Orphan Drug Designation granted to Neem Biotech’s lead drug candidate for the treatment of Pseudomonas aeruginosa lung infections in CF patients
Neem Biotech’s lead candidate NX-AS-401 has recently received Orphan Drug Designation from the United States FDA for treatment of Pseudomonas aeruginosa infections in patients with cystic fibrosis. This is a significant boost for the ongoing development of Neem’s flagship candidate drug substance. The outcome of an application for Orphan Drug Designation from the European Medicine Agency for this candidate is pending.
Taken together, obtaining Orphan Drug Designation status across both of these territories will mean potential access for a large proportion of the world’s cystic fibrosis patients to a novel approach to managing a common respiratory complication in cystic fibrosis.
Neem’s candidate is an alternative to conventional antibiotics and is compatible for use as a co-treatment with antibiotics that are currently used extensively to treat Pseudomonal lung infections in cystic fibrosis. NX-AS-401 works as an antimicrobial resistance breaker in Pseudomonas aeruginosa-caused chronic lung infection by virtue of its Quorum Sensing Inhibition capabilities and by disrupting enzyme function.
Neem is working in partnership with the German Mukoviszidose Institut, a subsidiary of the German Cystic Fibrosis Association. This partnership is aimed at developing and trialing a novel and effective alternative intervention to current standard treatment protocols. In particular, this intervention under development aims to reduce the number of Pseudomonas aeruginosa exacerbations suffered by patients with cystic fibrosis and hence to enhance the quality of life for these patients and their families. The fundamental research which led to this development was performed under the guidance of Prof Michael Givskov and was funded by the Mukoviszidose Institut as part of their support for research into the development of treatment options for patients with cystic fibrosis.

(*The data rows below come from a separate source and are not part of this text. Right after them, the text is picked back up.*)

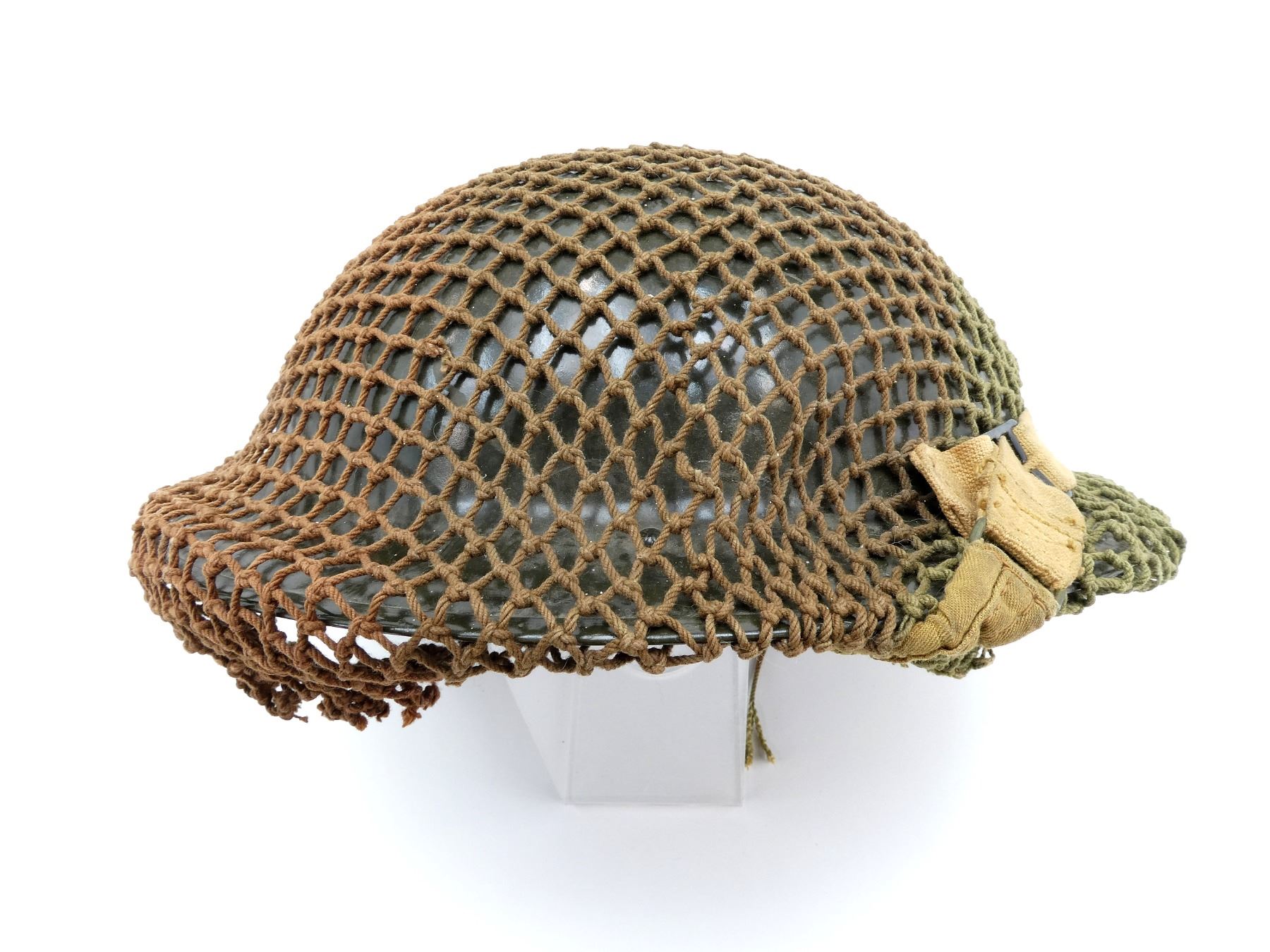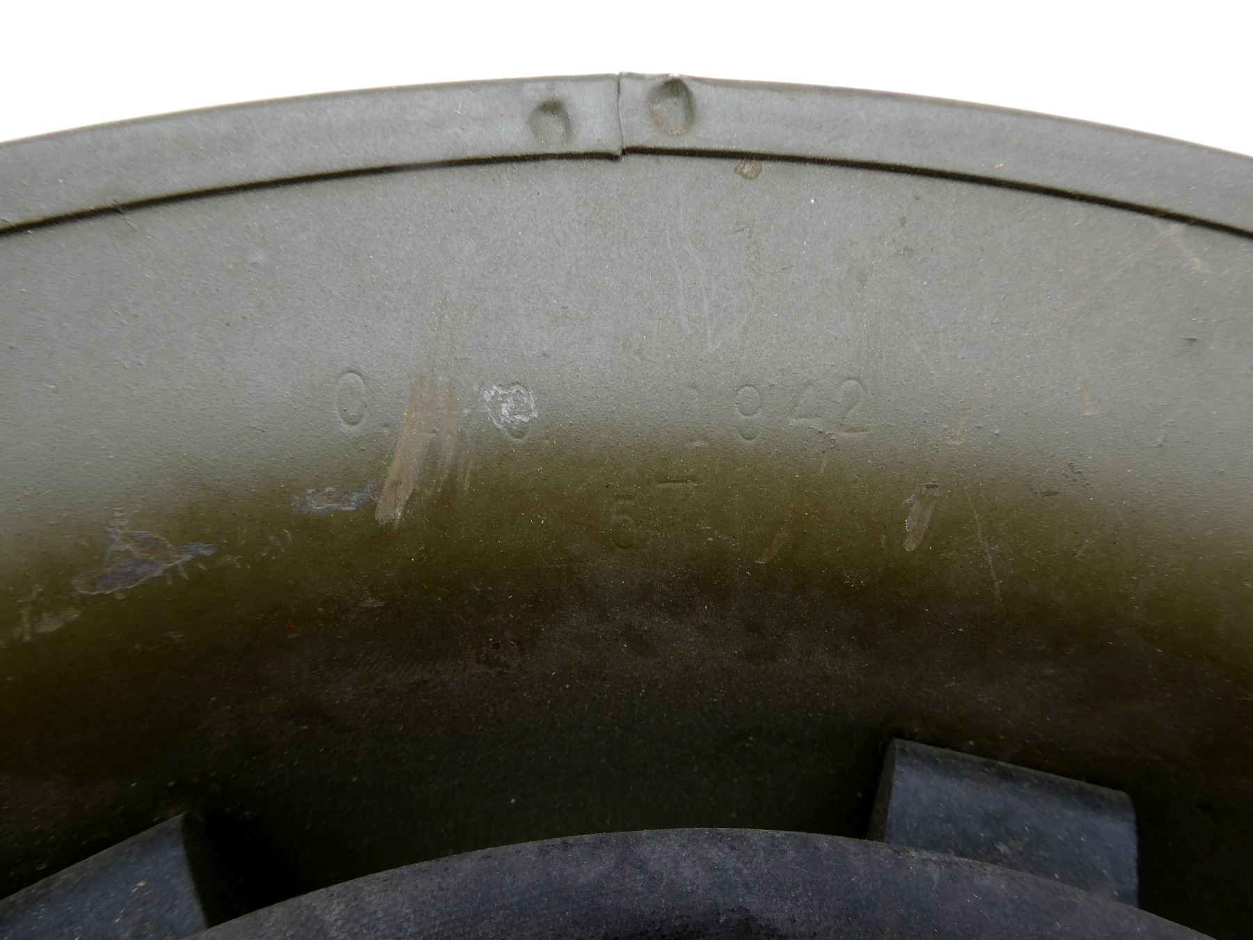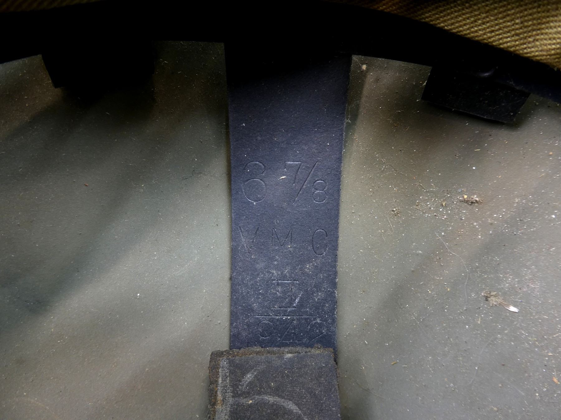 (1) GREEN PAINTED STEEL WITH BLACK LEATHER HEAD LINER (LEATHER IS SOFT), REAR SKIRT MARKED: "C.L./C. (CANADIAN LAMP CO.) 1942", ROLLED EDGE RIM, CANVAS & METAL ELASTICIZED CHIN STRAP, HEAD LINER MARKED: "6 7/8, V.M.C., II, 1942", WITH CAMOUFLAGE HELMET NETTING. SEE PHOTOS.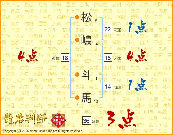 松(8画)嶋(14画) 斗(4画)馬(10画)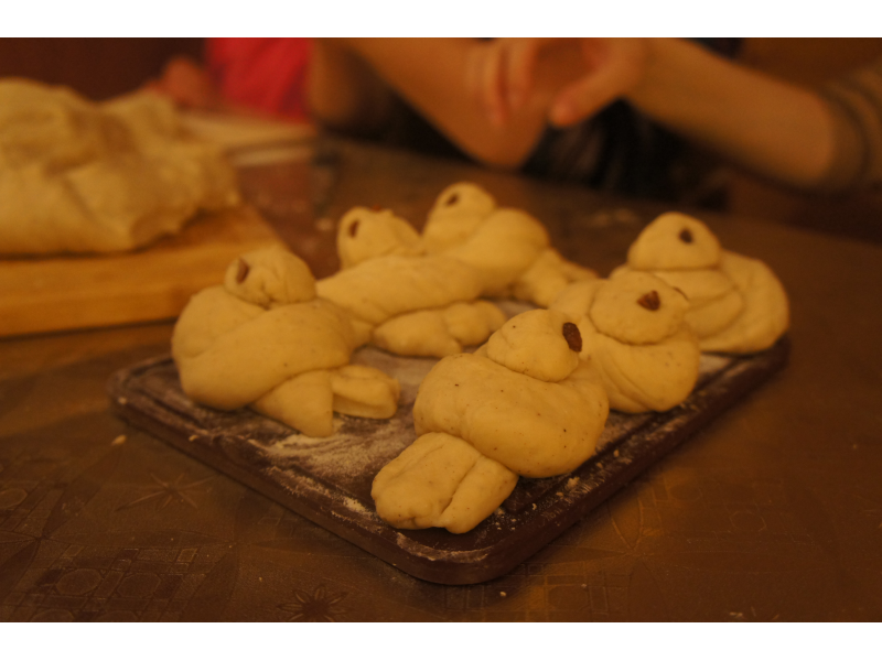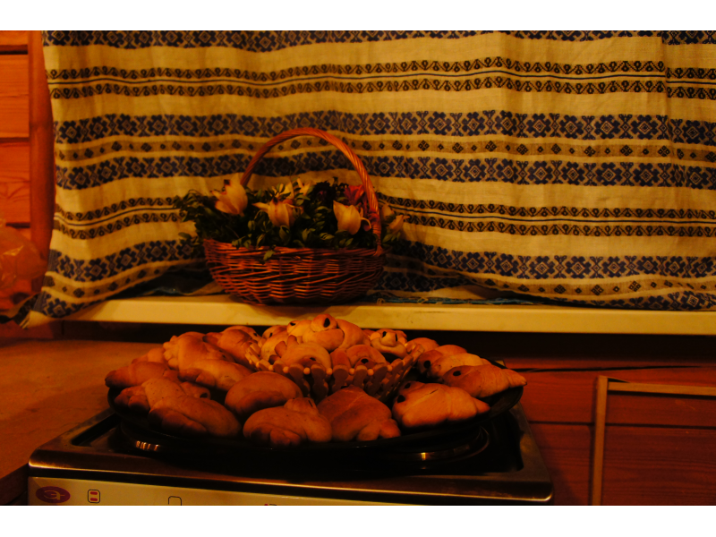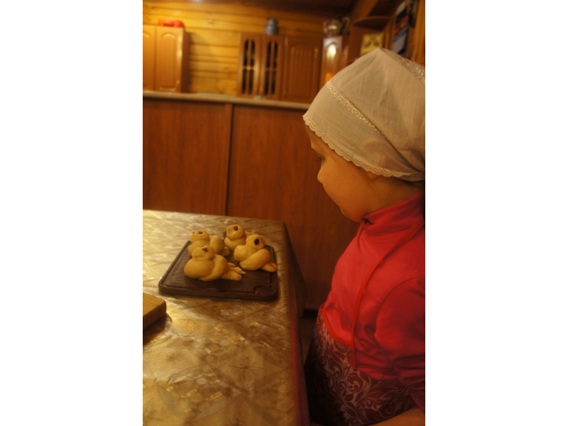 Готовых птичек «сажали» на окно, а часть из них отдавали детям для их забав. Дети печеных птичек цепляли на длинные пруты, несли на самую высоку горку и кричали что есть мочи: «Весна-красна, на чем пришла? — На сохе, на бороне, на овсяном снопу, на ржаном скирду». Или: «Солнышко-ведрышко, выгляни в окошко. Солнышко, нарядись, Красное, покажись! Пошли нам, Господи, теплого лета, урожайного года и побольше света!».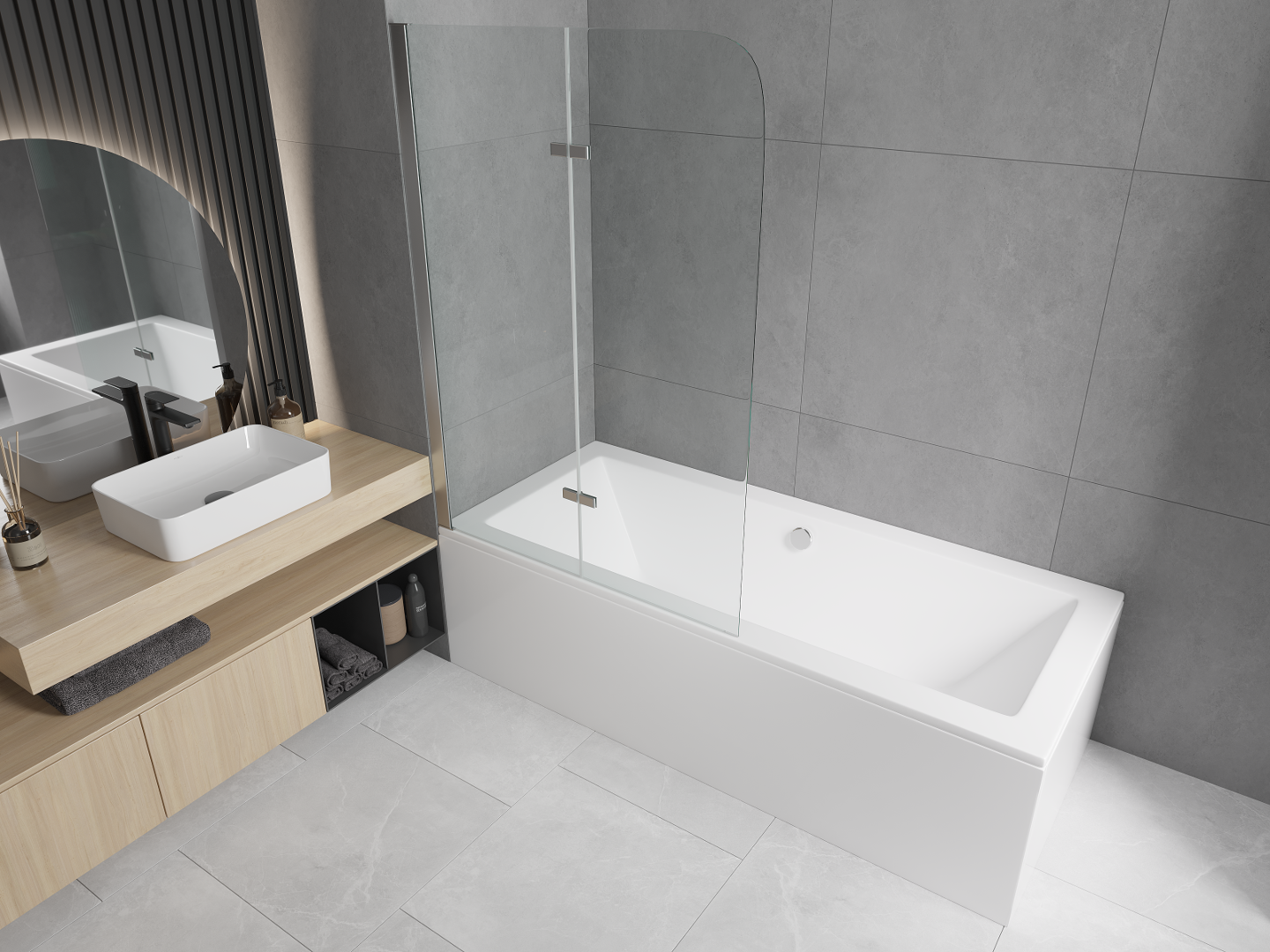 Екран, изработен от две крила с възможност за сгъване. Такова решение позволява да се спести повече пространство в банята и позволява свободното използване на останалото пространство, когато не използваме зоната за къпане.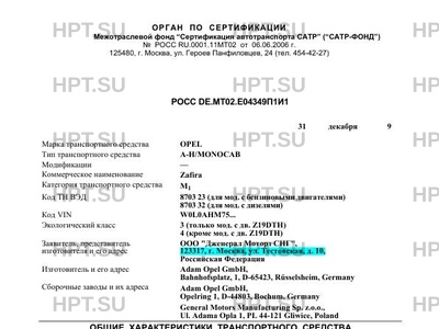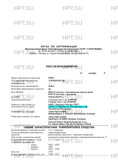 | Марка ТС | OPEL |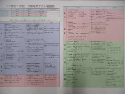 来週の20日(火)から1,2年生は学年末テストが行われます。今年度最後のテストになります。先週、すでにテスト範囲表は配られています。家庭学習を一日一日、時間を大切にしながら積み重ねましょう。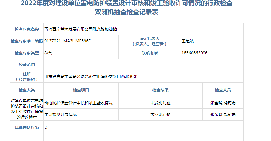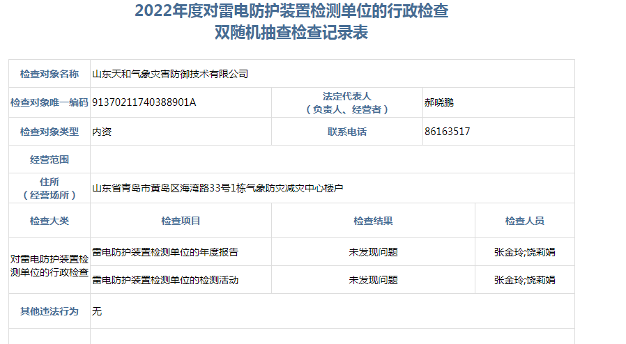 黄岛区气象局2022年“双随机、一公开”部门内部检查结果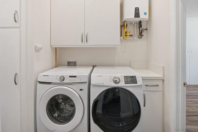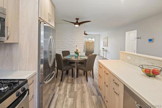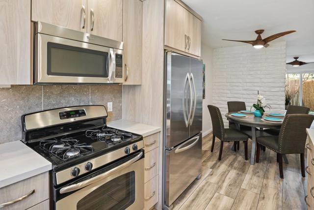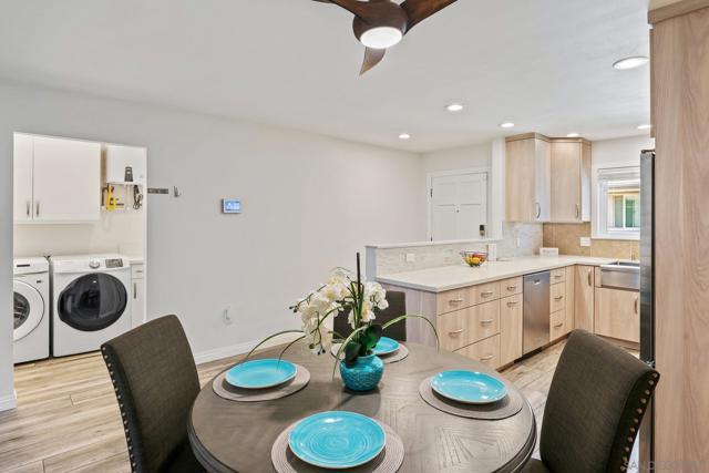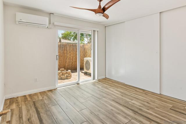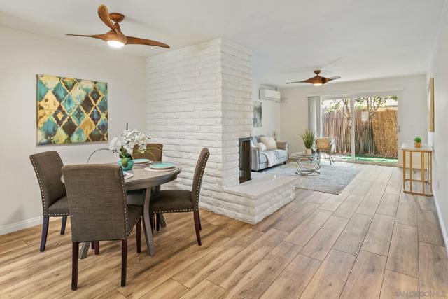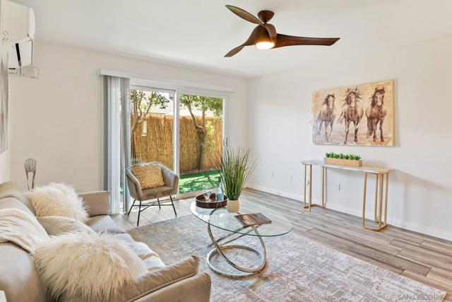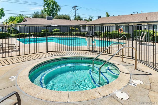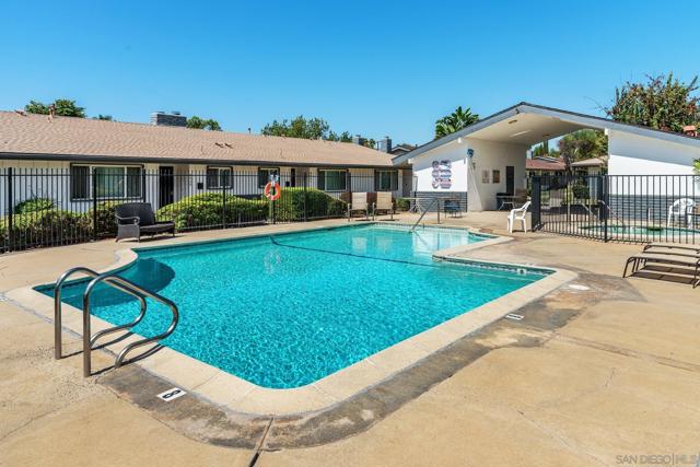 Welcome home to this beautiful single-level, end-unit condo offering 2 bedrooms and 2 full bathrooms in a desirable Escondido community. Thoughtfully updated and move-in ready, this home blends comfort, style, and convenience. Inside, you’ll love the modern kitchen featuring custom cabinetry with slide-outs, quiet-close drawers, storage, and stainless steel appliances. Nearby, the hall hosts the full-size washer and dryer, a linen closet, and an instant water heater for added convenience. The spacious primary bedroom includes a beautifully updated bath with a walk-in shower, while the second bedroom and bath provide plenty of flexibility for family, guests, or a home office. The open living and dining area is warmed by a cozy fireplace situated perfectly between the spaces, creating an inviting atmosphere for gatherings. Stay comfortable year-round with mini-split systems in the living room and both bedrooms, along with elegant ceiling fans throughout. Step outside to enjoy your private patio, perfect for morning coffee or evening relaxation. Additional highlights include one assigned parking space in a shared garage tucked away at the back of the community, plus access to a community pool and spa—the ideal place to unwind and enjoy Southern California living. VA approved community! The spacious primary suite includes a beautifully updated bath with a walk-in shower, while the second bedroom and bath provide plenty of flexibility for family, guests, or a home office. The open living and dining area is warmed by a cozy fireplace situated perfectly between the spaces, creating an inviting atmosphere for gatherings. Stay comfortable year-round with mini-split systems in the living room and both bedrooms, along with elegant ceiling fans throughout. Step outside to enjoy your private patio, perfect for morning coffee or evening relaxation. Additional highlights include one assigned parking space in a shared garage tucked away at the back of the community, plus access to a community pool and spa—the ideal place to unwind and enjoy Southern California living. VA Approved Community!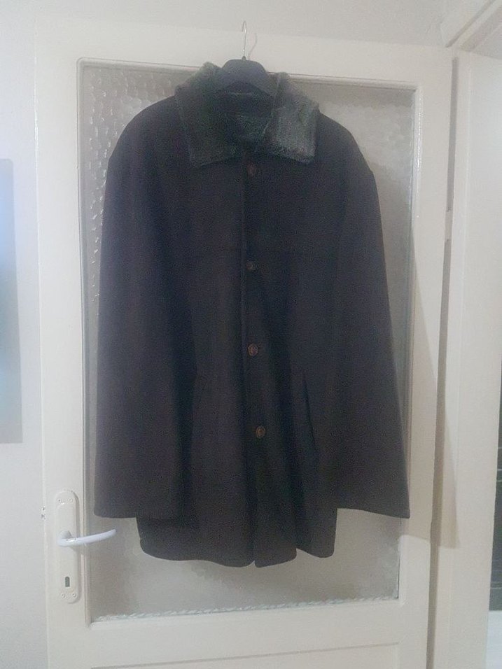 Kahverengi süet erkek ceketi, düğmeli ve keskin yaka detaylıdır. Uzun kollu ici komple kurktur

The FDA assigns Orphan Drug Designation to products that demonstrate promise as effective and safe agents for diagnosis and/ or treatment of rare diseases or conditions. It does this as a means of encouraging clinical development and marketing of safe and effective treatment, diagnosis or prevention measures for rare diseases and conditions that would otherwise not be financially feasible within existing large pharmaceutical drug development frameworks.
Criteria for classification as a rare disease is based on numbers of affected patients and varies across territories. Diseases or conditions where there are fewer than 50 000 people affected in the United Kingdom, fewer than 5 in 10 000 people affected in Europe and fewer than 200 000 people with the diagnosis in the USA are eligible for rare disease status.
Cystic fibrosis meets these criteria across all regions. It is a rare and life limiting progressive genetic disease. The number of patients with cystic fibrosis affected in Europe approximates 36 000, with estimates ranging from 1 in 8000 to 1 in 10 000 individuals. There are 33 000 patients with cystic fibrosis in the USA.
Cystic fibrosis is caused by a genetic defect in the Cystic Fibrosis Transmembrane Conductance Regulator (CFTR) gene. This gene controls the movement of salt and water into and out of cells, resulting in a buildup of mucous in the lungs, digestive system and other endocrine systems. In turn, this manifests as difficulty breathing and increased susceptibility to respiratory infections and other digestive difficulties. The chronic lung infection that is caused by the multidrug resistant Pseudomonas aeruginosa bacteria is the largest cause of death in patients with cystic fibrosis.
A first–in-man clinical trial is envisaged to start in early 2017 to evaluate the efficacy of NX-AS-401 as a co-treatment with existing antibiotics used against Pseudomonas aeruginosa-caused chronic lung infections in adult cystic fibrosis patients.